One of the first to detect flaws in evolutionary theory
was the developer himself, Charles Darwin. This came as early as his first book, The
Origin of the Species (1859). The fossil record, Darwin said, appeared mysteriously
incomplete, missing many key transitional forms that theory predicted.
In evolutionary terms, the fossil record is the
collected skeletal imprints of plants and animals buried over eons on Earth. Their
chronological burial charts the course of evolutionary flow from simpler organisms to the
more complex. Transitional forms are fossils of those organisms which are expected to
appear as an evolutionary link between families of species -- such as between fish and
amphibian, amphibian and reptile, reptile and mammal, and so forth.

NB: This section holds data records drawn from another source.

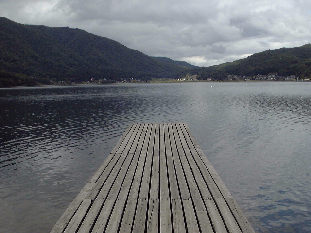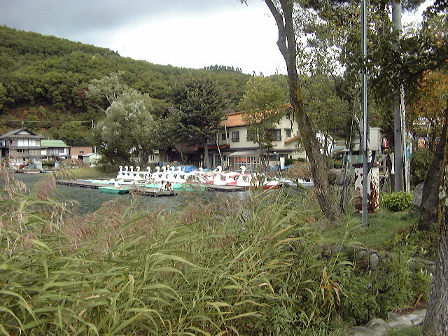 線路側から見た駅舎です。ちなみにここで静岡から新婚旅行(?)に来たカップルに遭遇しました。展望台の場所が判らなかったそうなので、教えてあげました(^^;; 我々は湖を一周するので、彼らとここで別れました。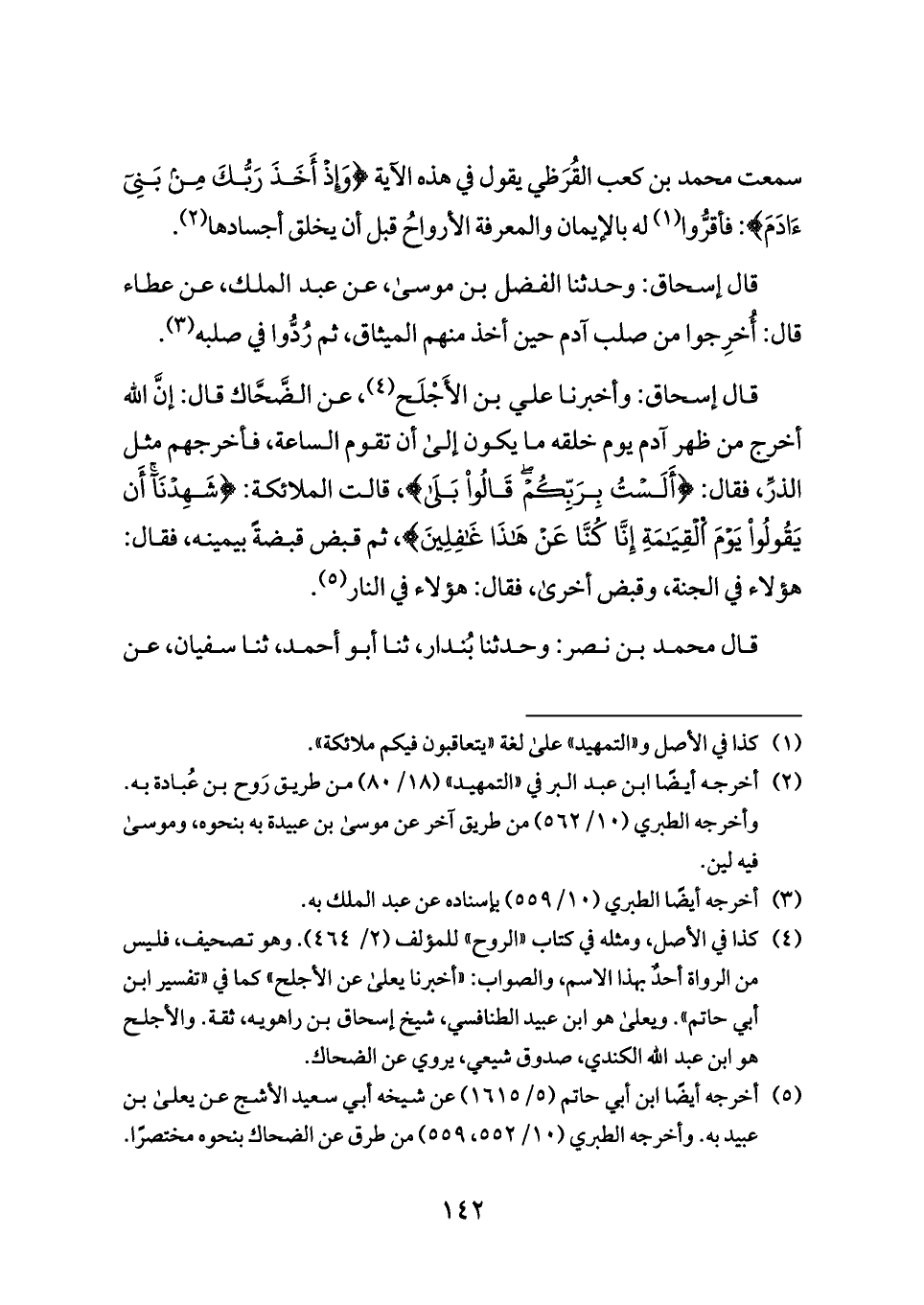 (¬٤) كذا في الأصل، ومثله في كتاب «الروح» للمؤلف (٢/ ٤٦٤). وهو تصحيف، فليس من الرواة أحدٌ بهذا الاسم، والصواب: «أخبرنا يعلى عن الأجلح» كما في «تفسير ابن أبي حاتم». ويعلى هو ابن عبيد الطنافسي، شيخ إسحاق بن راهويه، ثقة. والأجلح هو ابن عبد الله الكندي، صدوق شيعي، يروي عن الضحاك.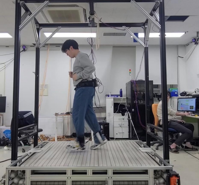 /사진=GIST 윤정원 교수팀360도 트레드밀은 미육군연구소(ARL)가 2000년대초 최초로 개발해 2010년대에 상용화한 차세대 보행 인터페이스 장치다. 보행 의도(속도·방향)를 실시간으로 파악해 사용자의 위치를 기준 위치에 계속 유지할 수 있도록 한다.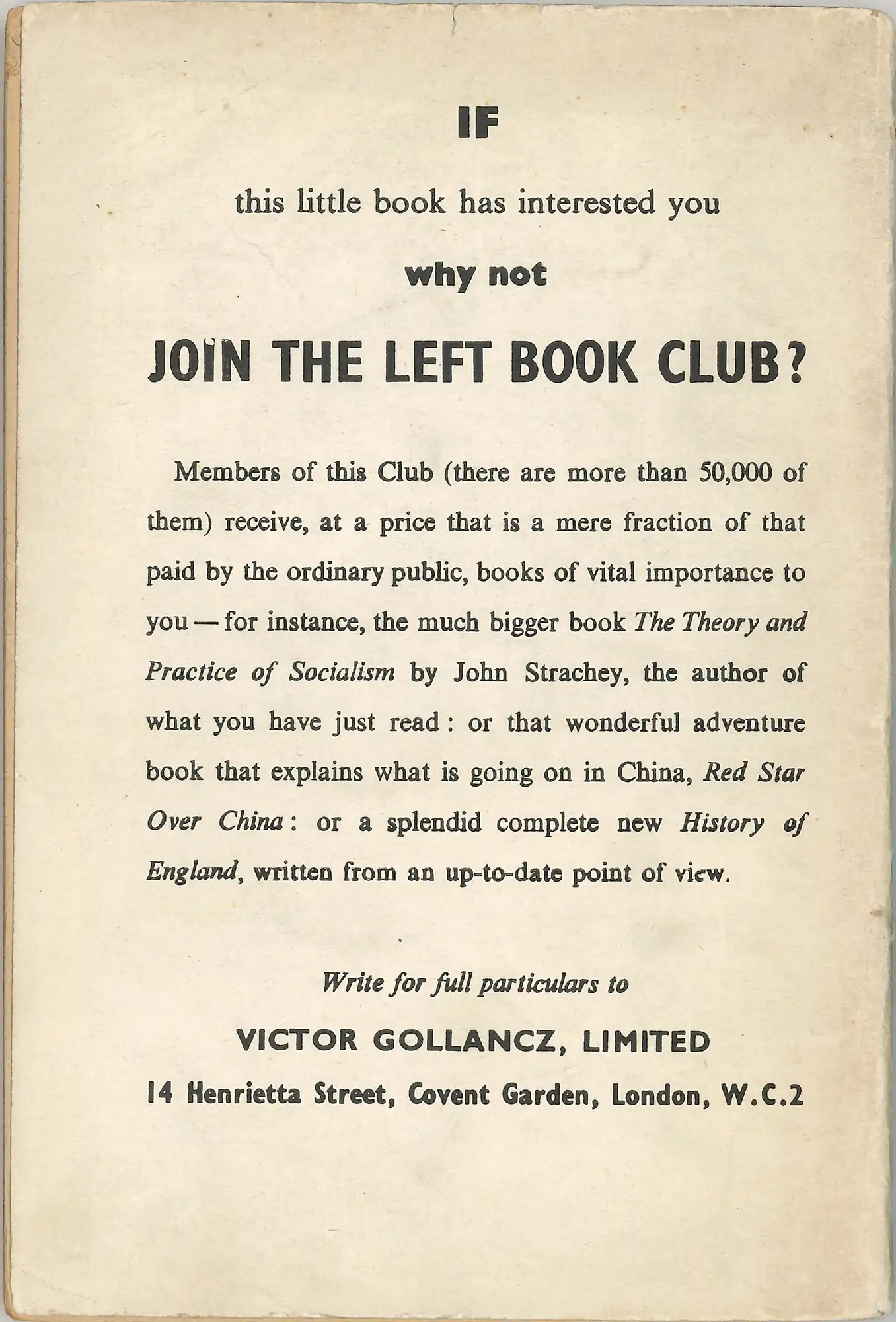 First published on 9 May 1938, this Strachey classic, priced at two-pence and with its eye-catching cover design, sold 100,000 copies. By June it had been reprinted twice, a total print run of 200,000. One contemporary critic felt the book delivered what it had promised: ‘What causes unemployment?’ Capitalism. ‘What causes war?’ Capitalism. ‘What causes boom and slumps?’. Capitalism. And so on. The back cover contains the usual Gollancz puff: ‘If this little book has interested you why not join the Left Book Club?’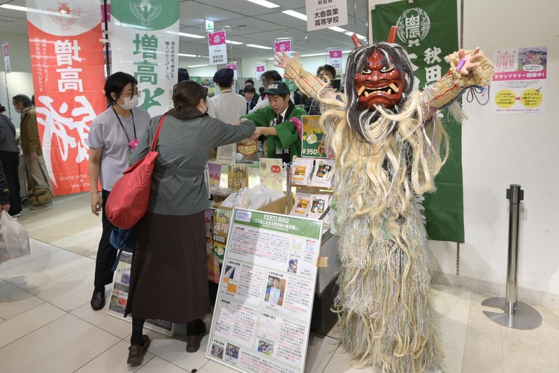 北海道岩見沢農業高の伊藤夢花さん(3年)は「岩農」ラベルのついたベーコンやソーセージを勧めながら、「自分たちが作ったことのない商品も多いので勉強になります」と他校の製品の売れ行きが気になる様子。食品科学科の大杉佳奈教諭は「かなり安い値段にしたので、2日間続けて買いに来るお客さんもいて、生徒は手応えを感じています」と話し、手作りのポップで商品をPRしていた。地元の食材を使ったレトルトカレー「さらのうキーマ」を販売した北海道更別(さらべつ)農業高は、試食を始めたところ売れ行きが伸びた。大川泰生さん(1年)は「賞味期限が2年間なので災害時の非常食にもなります」とアピールしていた。地下街に立ち寄る外国人もいて、ジャムを試食販売していた北海道士幌高の村上育志さん(2年)は、英語を交えて接客していた。京都府立須知(しゅうち)高校は、牛乳と乳酸菌、砂糖以外は無添加のヨーグルトや、校内の竹林で収穫したタケノコを使った味付けメンマをショーケースに並べたところ、安さも手伝って閉店を待たずに完売した。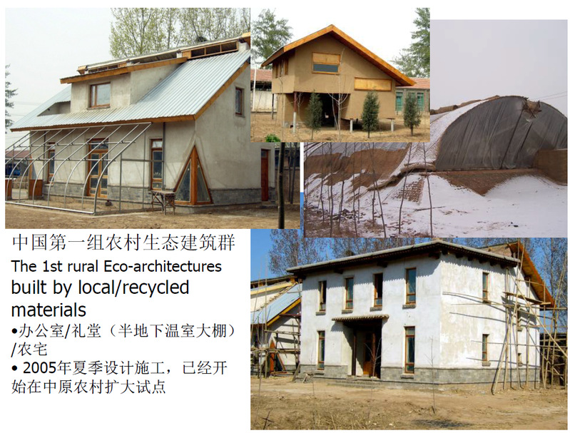 台湾的谢英俊建筑师帮我们在村里的乡村建设学院建立起来一套生态建筑,因此我们就有一套立体循环农业和生态建筑的全生态乡村建设学院。我们的农业是六位一体的,生态厕所和沼气池转化排泄物,生态大棚里面养猪种菜,我们挖了土堆成山种果树,池塘养鱼,还有露天菜地,旁边就是生态建筑。这个是没有任何现代建材的,它是石料、木料和夯土形成的建筑。这些生态建筑冬暖夏凉,右边是生态礼堂,是个半地下的,冬天不用生火,夏天不用空调,冬天盖上点稻草就保暖了,这样一个生态礼堂能容纳400人。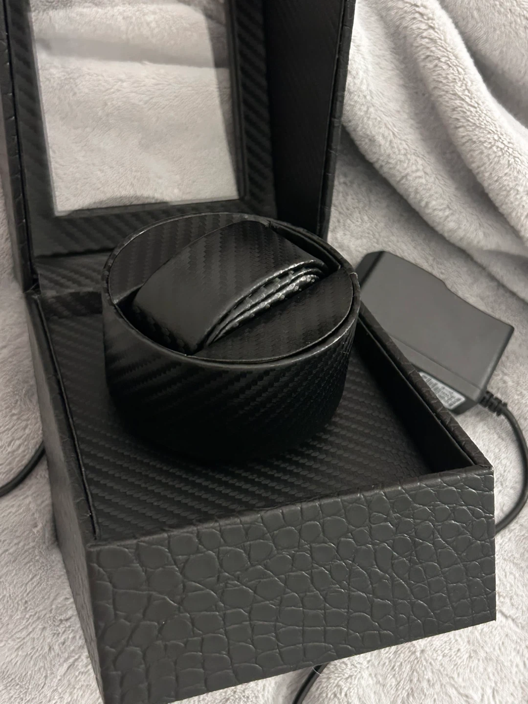 Selling an automatic watch winder in black crocodile faux leather. It's perfect for keeping your automatic watches wound and ready to wear. It comes with the power adapter or insert batteries for wireless display.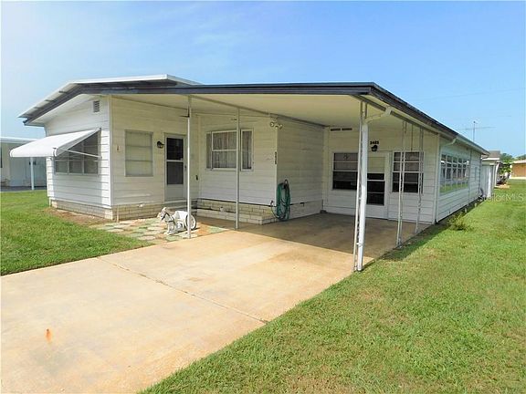 Pack your bags and come enjoy the sunshine this coming winter. This double wide has a great location close to walking trails and community ponds. Home offers 2 BR/2 BATH large Florida room with 1390 sq/ft living space with eat-in kitchen, newer AC/central heating system, metal roof over, and on sewer. This home is located in Betmar Acres 55 plus community where you own the land with a LOW HOA fee of only 299.59 per YEAR. This home features built in cabinetry, a kitchen with many updates, and plenty of storage inside and out. Florida room (11'x24') is located off kitchen with double sliding glass door. Living and dining room are open which is great for entertaining. Off the living room by another sliding door is enclosed sun porch which looks out on the front yard. Master suite is at the rear of the home with mirrored closet, master bath area has walk-in closet, and step-in shower. Guest bath has tub/shower combo across from bedroom 2 for your guests. Laundry room with storage above and work shop is located off the Florida room. Don't forget it's near the 27 hole golf courses, tennis/pickle ball courts, 3 clubhouses, shuffleboards, pools, hot tubs, walking trails and many clubs and activities. Come enjoy all that this community has to offer. Betmar is conveniently located near restaurants, shopping, & medical facilities. Call to see this home today. NOTE: Per Sellers direction home is not for sale with LLC's or Co-op's. * Additional fees may apply*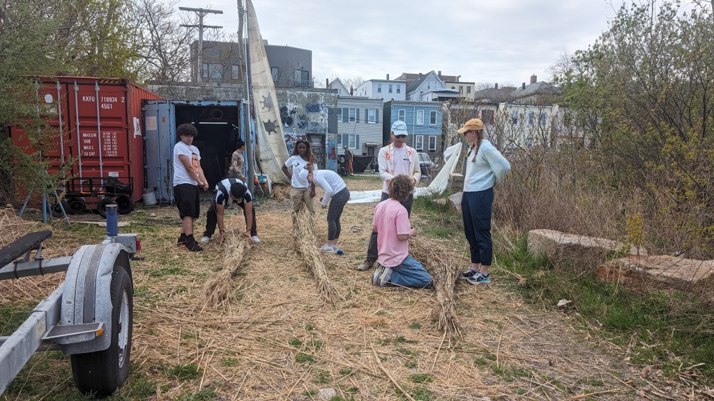 Noa from Emerald Tutu talked about floating wetlands – floating structures made with biomass where marsh grass can grow and protect the coast from flooding. The Climate Corps fellows are working Emerald Tutu to experiment with better ways to build floating wetlands.

Darwin couldn't find such transitional forms. He
observed: "Innumerable transitional forms must have existed, but why do we not find
them embedded in countless numbers in the crust of the earth?"[1]
Darwin answered the question, to his own satisfaction,
by assuming that as scientists continued to excavate the fossil strata, they would uncover
the missing transitional forms. But more than a century has gone by, most of the fossil
record has been dug up, and the gaps are still there. Even allowing for broad
interpretation of what constitutes a transitional form, ninety-nine percent of the
transitional species that evolutionists anticipated in the fossil record have never been
found.[2]
But what do we mean by transitional form? Aren't
amphibians the missing link between fish and reptiles, and don't we have a chart showing
the gradual evolution of the horse? So how can anyone say that there are innumerable
missing transitional forms?
One example of a missing transitional form is the
evolution of bats. They are assumed to have descended from rodents. Since the articulation
of bat wings is complex, as is their sonar-navigation system, the evolution from rodent to
bat must have taken a long time. But if that is true, then where are the fossilized
'semi-bats'? We would expect to find a mouse-like creature with large flaps trailing its
forelegs; over eons the flaps would become more wing-like. A similar gradual evolution
should be found in the growth and shape of the ears as well. These 'semi-bats,' existing
over millions of years, should have left numerous fossils, each slightly different from
the other.
But there are no 'semi-bats' in the fossil record.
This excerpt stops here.